Musical biopics: love them, hate them, or (even) feel indifferent all you like, but they’re still coming down the line. Case in point would be stories from Deadline and London Evening Standard, the batch of which tell about pictures focused on the lives / careers of Susan Boyle and Marvin Gaye, respectively, and how there’s some humanity lying at the center of these people. Or, something in that key. (Pardon.)
Both actually have good chances, but, with one being a more noteworthy outing, we might as well talk about it first. The outlet tell us Fox Searchlight are mashing the hit, biographical UK play I Dreamed a Dream with Boyle’s own life rights — something the studio, in a Logan’s Run-like way, now “own” the rights to — to make what, by all accounts, sounds like a musical. Rather, it’s the impression this writer gets upon reading I Dreamed a Dream — fair to expect that ends up being the title — is both a filmed version of its staged counterpart (enough in itself) and, in the words of producer Lucas Webb, “a sensitive and honest biopic infused with music.”

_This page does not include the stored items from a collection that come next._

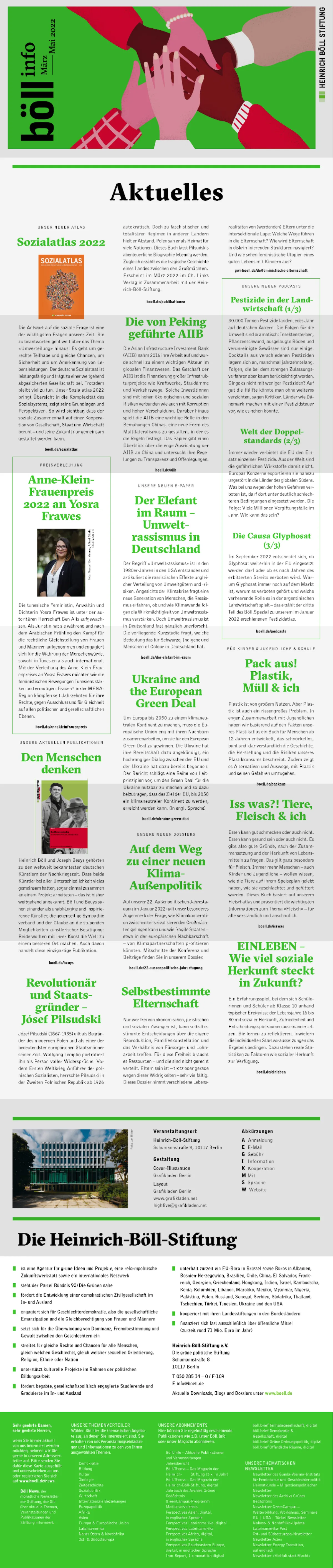 Böll.Info ist das Kalenderblatt der Heinrich Böll Stiftung. Quartalsweise wird hier über Publikationen, Veröffentlichungen und Veranstaltungen informiert. Passend zum aktuellen Themenfokus gestalten wir das Cover und kümmern uns außerdem um Layout und Gestaltung der Publikation.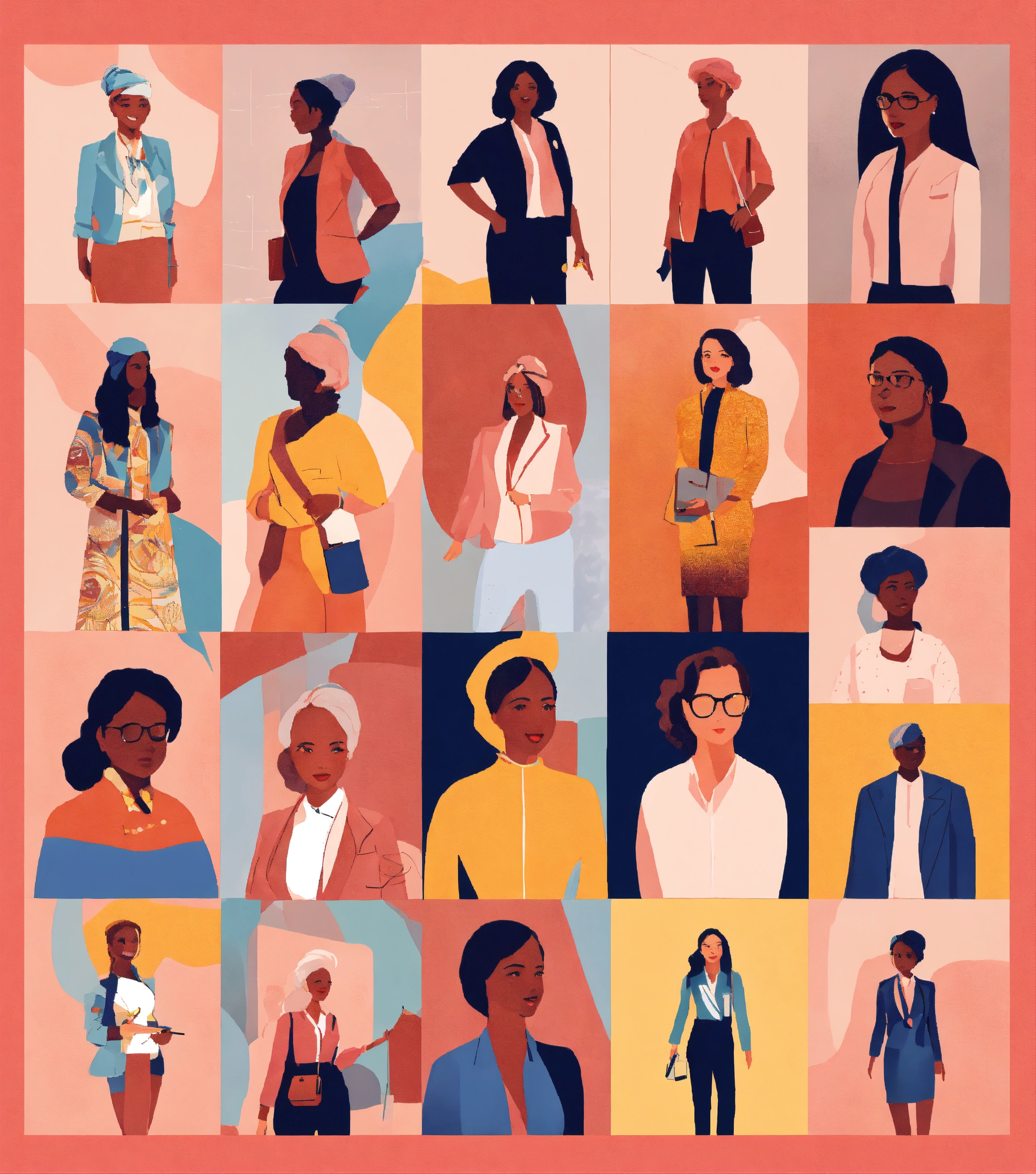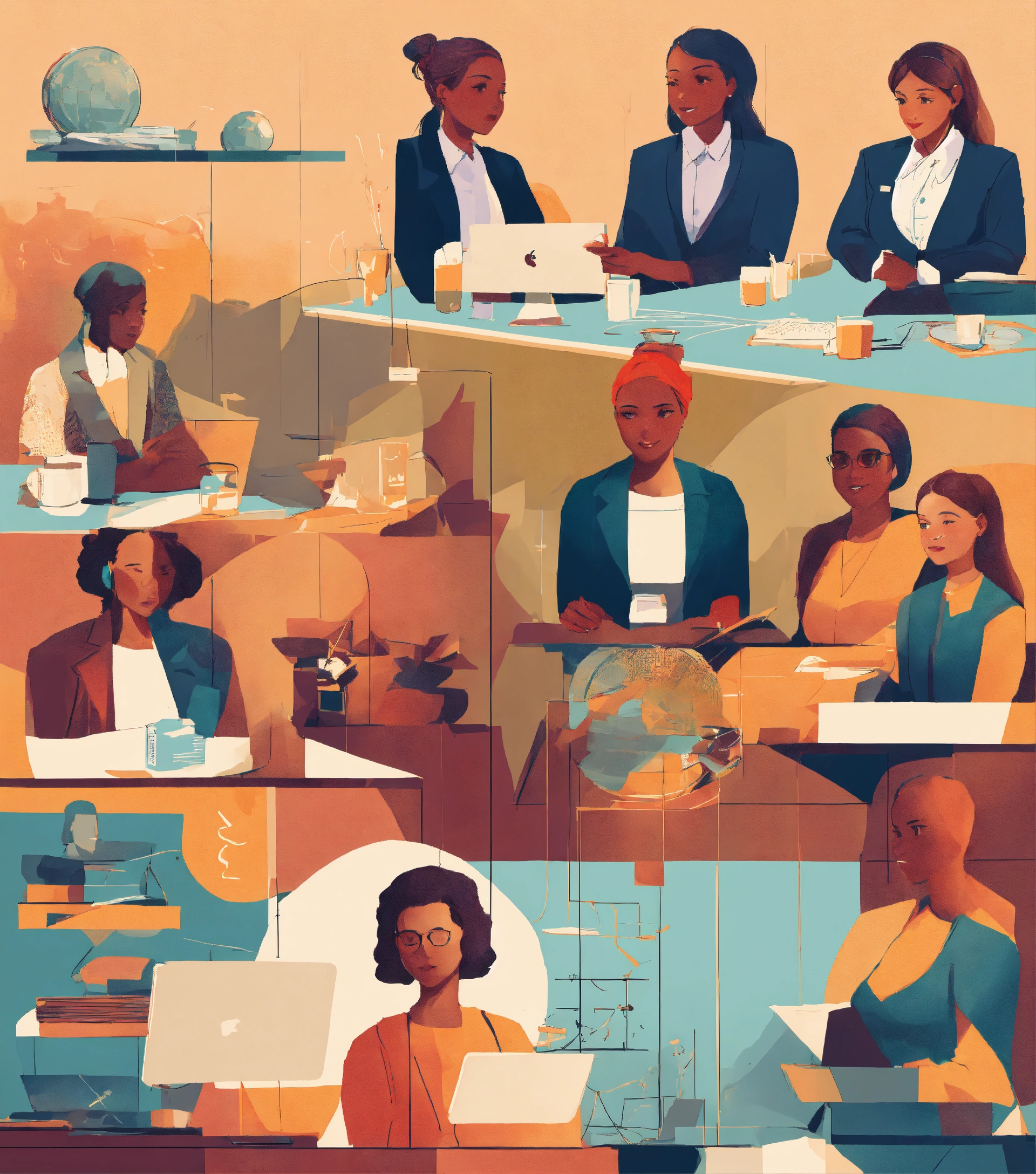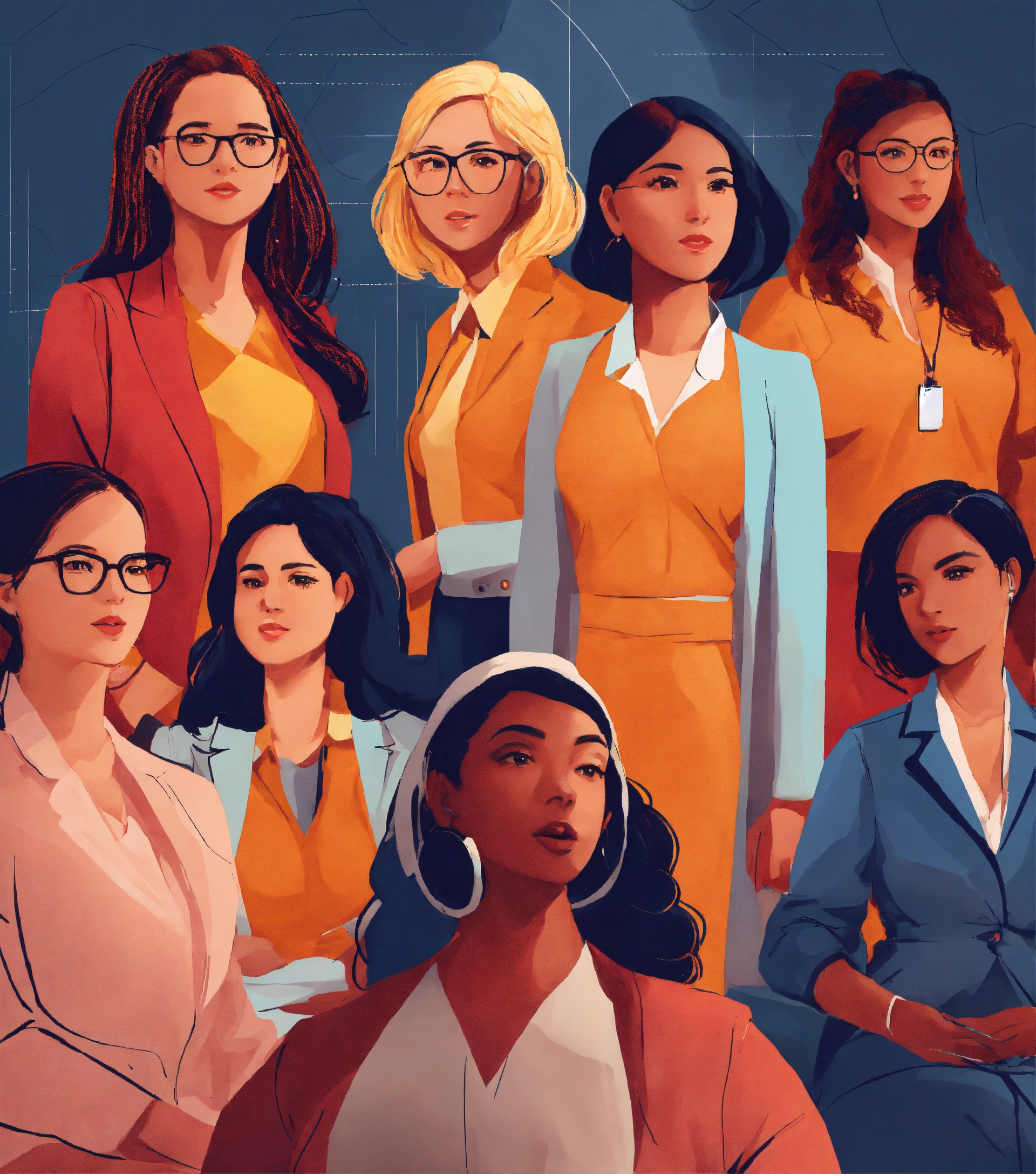 illustrations of women in different leadership roles and sectors in future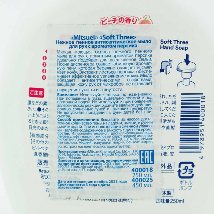 Мыло Митсуи Нежное пенное д/рук с аромат персика 250мл

So, unsurprisingly, what we’ll get is a birth-to-now peek into Boyle’s existence, from simple woman living in Scotland to international singing sensation. Not knowing much about her life or career, personally, I’m willing to accept this proposition if there’s actually a good story (and some nice tracks) lying at the bottom of it all. Otherwise, no deal.
The other project, Sexual Healing, is a few steps ahead. This Marvin Gaye-centered film has, thus far, managed to grab Lenny Kravitz as its lead and rock documentarian Julien Temple to direct; there’s no word on who might have composed (or will handle) the screenplay, however. But we do know the project, sure to be titled after one of his songs, shines a light on the man’s last few years, from time spent in London around 1981 — drugs and a neglect of taxes abounded — to a 1984 murder at the hands of his own father.
There’s some addiction recovery material in-between, of course, and, while I know how sick you must be of that onscreen ordeal, perhaps their handling will be ideal. Such optimism is, I know, open to a bad result, but positive vibes help the world go ’round.
Do you see a good reason to make either person’s life into the subject of a film?